Repository software may integrate digital preservation tools (or equivalent functionality) or an organization may define for itself a digital preservation workflow that integrates tools at appropriate points in the process. Recent examples of tools used for digital preservation include those that identify and evaluate file formats (e.g., JHOVE, DROID), that normalize files to preservable formats (e.g., XENA), that generate and capture metadata (e.g., the NLNZ metadata extractor), and that produce a unique identifier and aid in detecting changes to files (e.g., checksums). The October 2006 RLG DigiNews FAQ reviewed the NLNZ Metadata Extractor and several other tools. These developments represent progress, but the community has some ways to go before digital preservation is fully automated and fully-compliant digital preservation systems are available.
The “To Be”
There is significant research and development work underway that is targeting the development, enhancement, and scalability of tools and repository software. RLG DigiNews highlighted 10 promising digital preservation research programs in August 2005. The “to be” category for the technology leg could be categorized as making it possible to do more through automation and to provide the means to integrate audit requirements and measures into digital preservation management.
Scalable capabilities Scaling repository software to the increasing size of digital content containers (e.g., digital video files) and the extent of digital content to be preserved is a capacity and capability issue that largely remains in the “to be” category. The past decade has also seen the publication of recommendations from the National Science Foundation (NSF) in the US and the Community Research & Development Information Service (CORDIS) in the EU about the infrastructure that will harness the potential of technology developments to support and enable research. These programs provide a framework for development.

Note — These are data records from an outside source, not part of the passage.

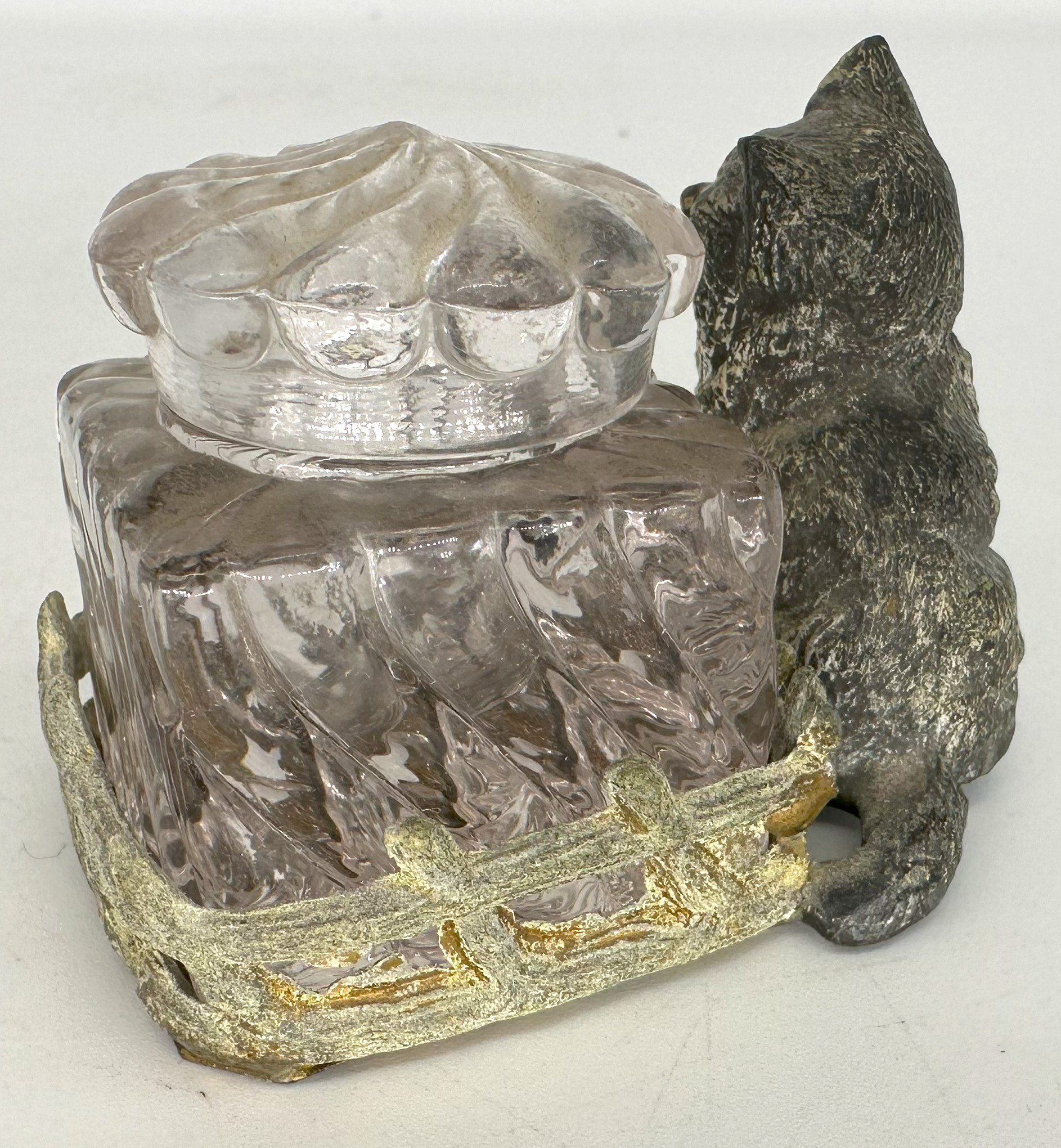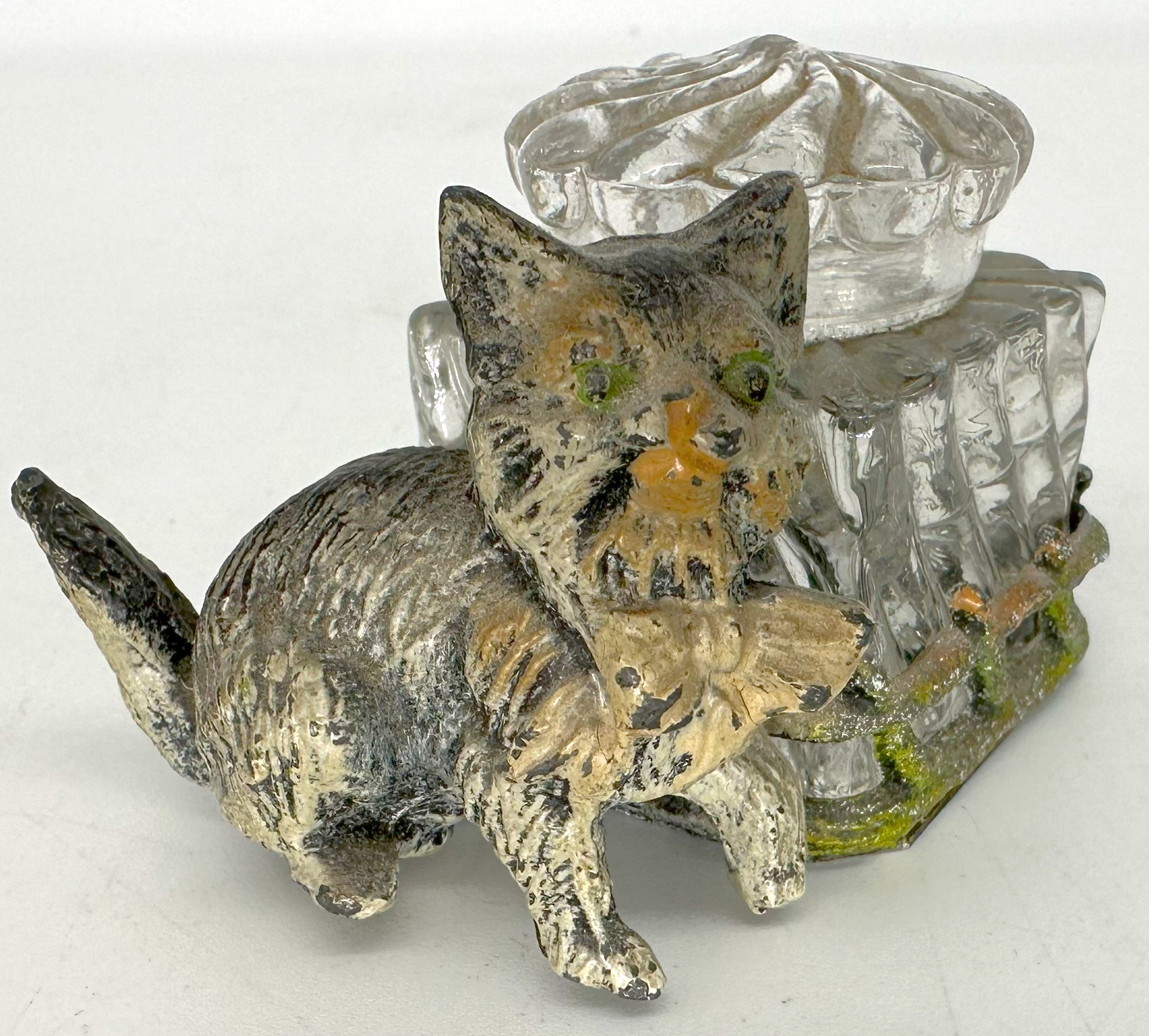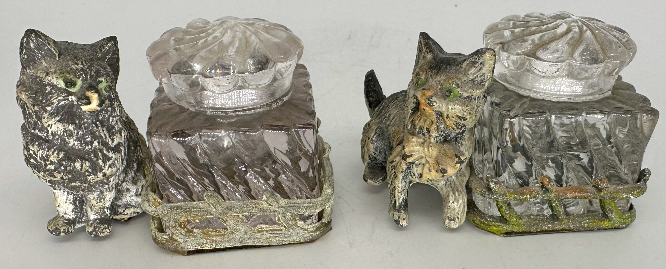 These two pieces are similar. Each cat (made from pot metal and hand-painted) is next to a swirl glass inkwell with a loose cover, fitted inside an open rail fence. One cat is sitting. The other cat, wearing a bow around her neck, has her tail up and looks ready to explore.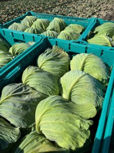 乾燥の影響で生育が止まっておりました越冬キャベツも水分が入り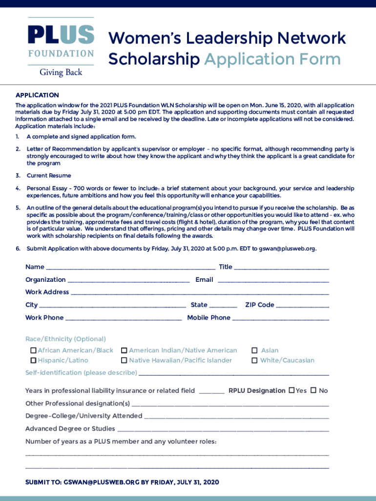 Women's Leadership Network Scholarship Application Forgiving Bathe PLUS Foundations Women's Leadership Network (WON) began in 2009. In the past ten years we have been successful in creating opportunities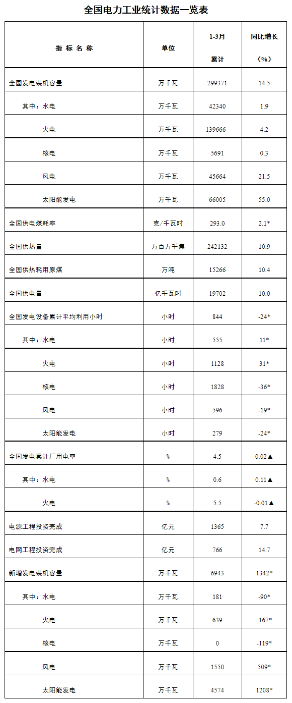 4月22日,國家能源局發(fā)布1-3月份全國電力工業(yè)統(tǒng)計(jì)數(shù)據(jù)。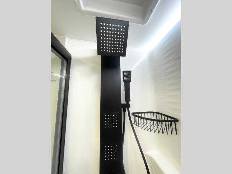 With any Model Z Air travel trailer by Brinkley, you will enjoy premium features at every turn. The industry-first low maintenance roof is sure to be appreciated, plus there are industry-first brass plumbing connections for excellent resistance to corrosion. The drop-frame chassis with over 100 cu. ft. of exterior storage will allow you to bring along camp gear galore, plus there are motion lighting and power outlets for added convenience! You'll also find two hot/cold showers outdoors, along with a 370-watt solar panel, a custom LP box with locked battery storage, and a premium utility center with a retractable 65' water hose to wash off mud from the lake. The interior is just as accommodating with its solid surface countertops, Brinkley CraftSense wood trim construction, integrated window screens and insulated blackout blinds, and the list of luxury features goes on!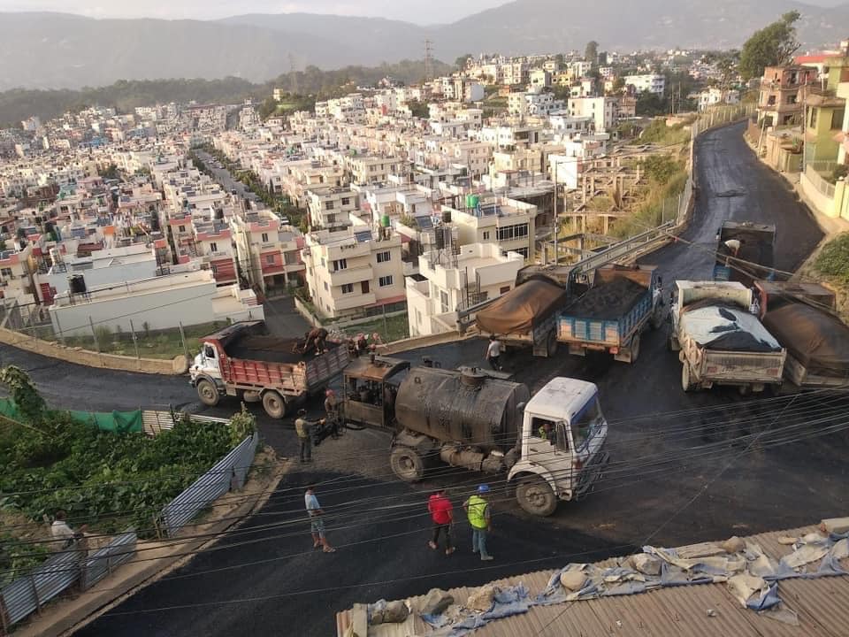 वडाको ‘ग्रिनहिल सिटि गेटदेखि अर्याल गाउँसम्मको सडक अबेर राती १२ बजे मात्र कालोपत्रे गर्ने काम सम्पन्न भएको छ । उक्त सडक कालोपत्रे गर्ने काम सम्पन्न नहुन्जेलसम्म वडाअध्यक्ष प्रकाश फुयालसहित वडासदस्य कपिल खनाल, विकास केसीलगायतको टोली रातको १२ बजेसम्म कार्यस्थलमै बसेर अनुगमन गर्दै कामदारसँगै खटिएका थिए ।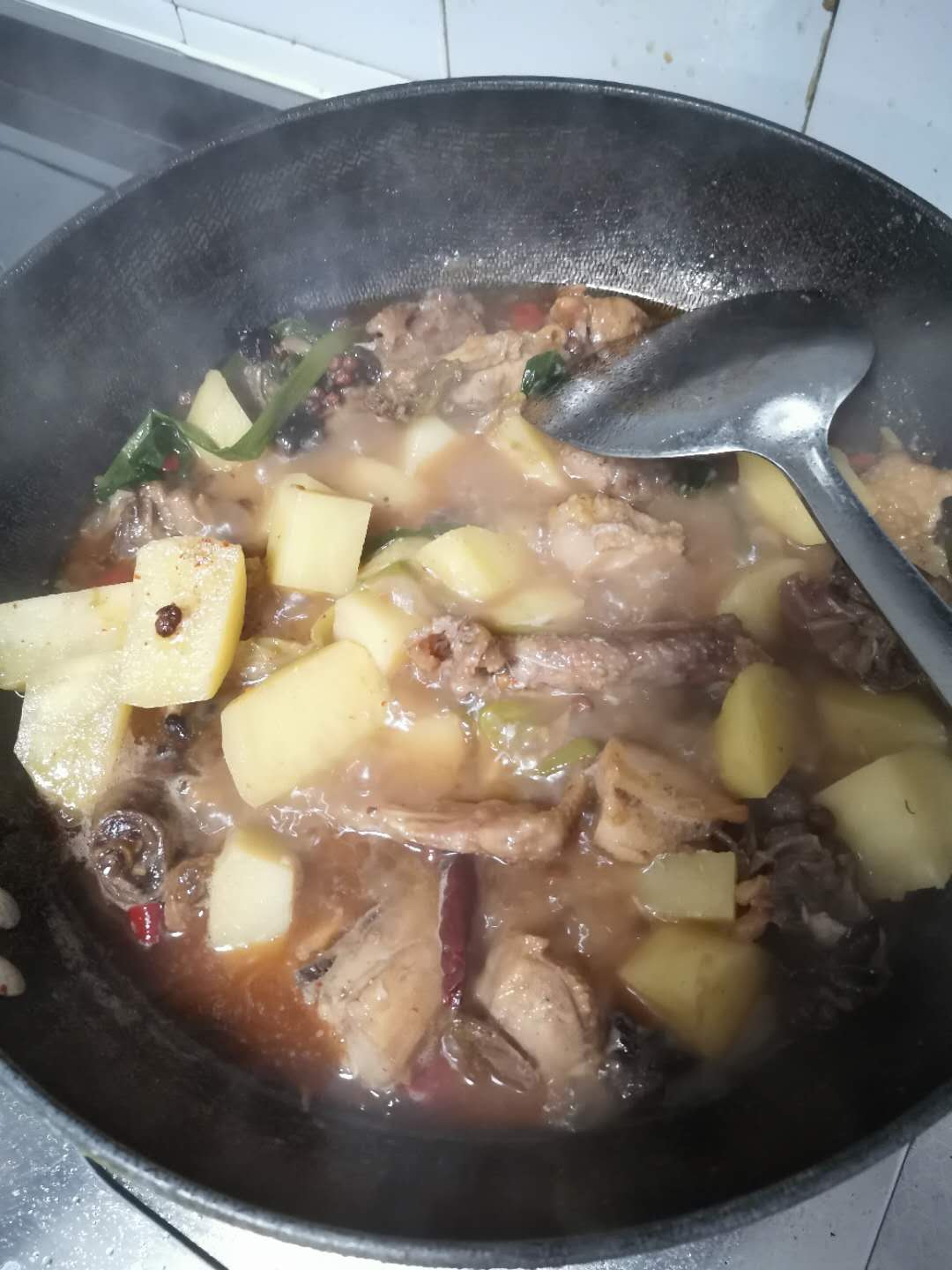 然后直接在锅中倒入烧开的热水,差不多快盖过鸡块即可,中火炖40分钟,放入土豆块,这时候因为水差不多炖干了,再加点水差不多盖住土豆和鸡肉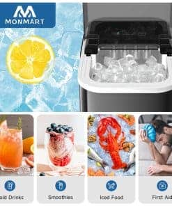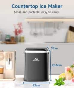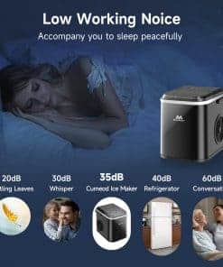 3. Tamaño Portátil y Compacto Con medidas de solo 8.66 x 12.2 x 11.22 pulgadas y un peso de 12.54 libras, el tamaño compacto y el diseño de mango portátil hacen que la máquina de hielo sea fácil de transportar sin ocupar mucho espacio, perfecta para la cocina, hogar, oficina, camping y RVs, entre otras ocasiones.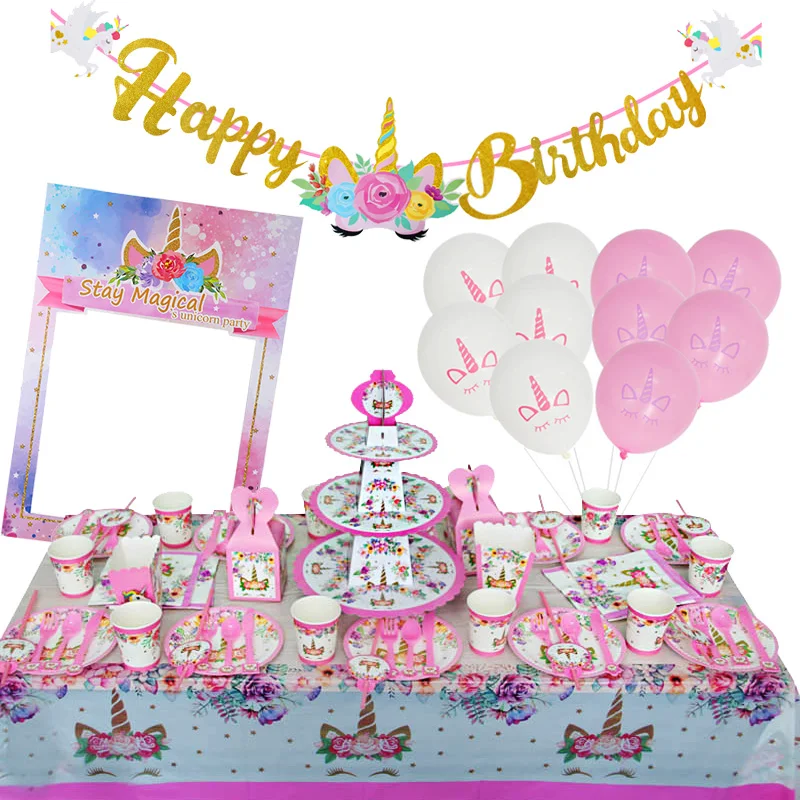 Набор одноразовой посуды в виде единорога для детского дня рождения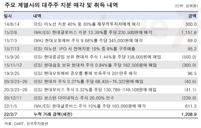 한국투자증권의 ‘현대차그룹 지배구조 개편 분석보고서’에 따르면 정의선 회장(ES)과 정몽구 명예회장(MK)은 지난 2014년부터 주요 계열사의 대주주 지분 매각 및 취득을 통해 1조2089억원 규모의 누적 거래대금(세전)을 마련한 것으로 나타났습니다.
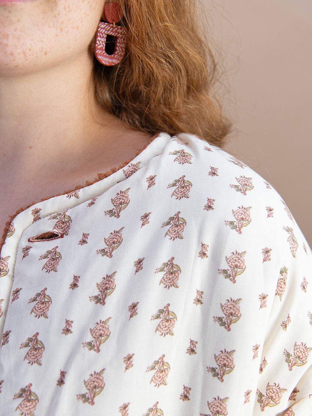 The Clara Ginger jacket combines warmth and texture in a garment designed for the colder months. Its soft, sherpa-like outer fabric in a terracotta tone has a warm and fluffy finish, while the cotton lining with a floral print adds a delicate and playful touch. Between the two fabrics there is a layer of recycled polyester wadding , providing thermal insulation without adding weight. The relaxed fit with dropped armholes and natural coconut buttons complete its handcrafted and comfortable design.

Workflows and suites of tools Still on the wish list for the digital preservation community is the capability to easily define, customize, change, and extend a digital preservation workflow that is modular to allow for the easy integration of tools. There have been developments in generating or extracting metadata for submissions, but this work is still in its infancy. It is also not always possible to easily incorporate tools into a workflow. Moving from individual tools to suites of tools and workflows that can be shared and exchanged between organizations seems to be a natural path for development.
 Figure 5. The Integrated Digital Preservation Matrix.
As more and more organizations develop trusted digital repositories that are based upon sound and continuous workflows, the potential exists for leveraging the capacity and capabilities across repositories and across the community to realize cost-savings, more effective results through collaboration, and community-wide action, as envisioned in the integrated digital preservation matrix (Figure 5, developed for the Cornell DPM workshop series).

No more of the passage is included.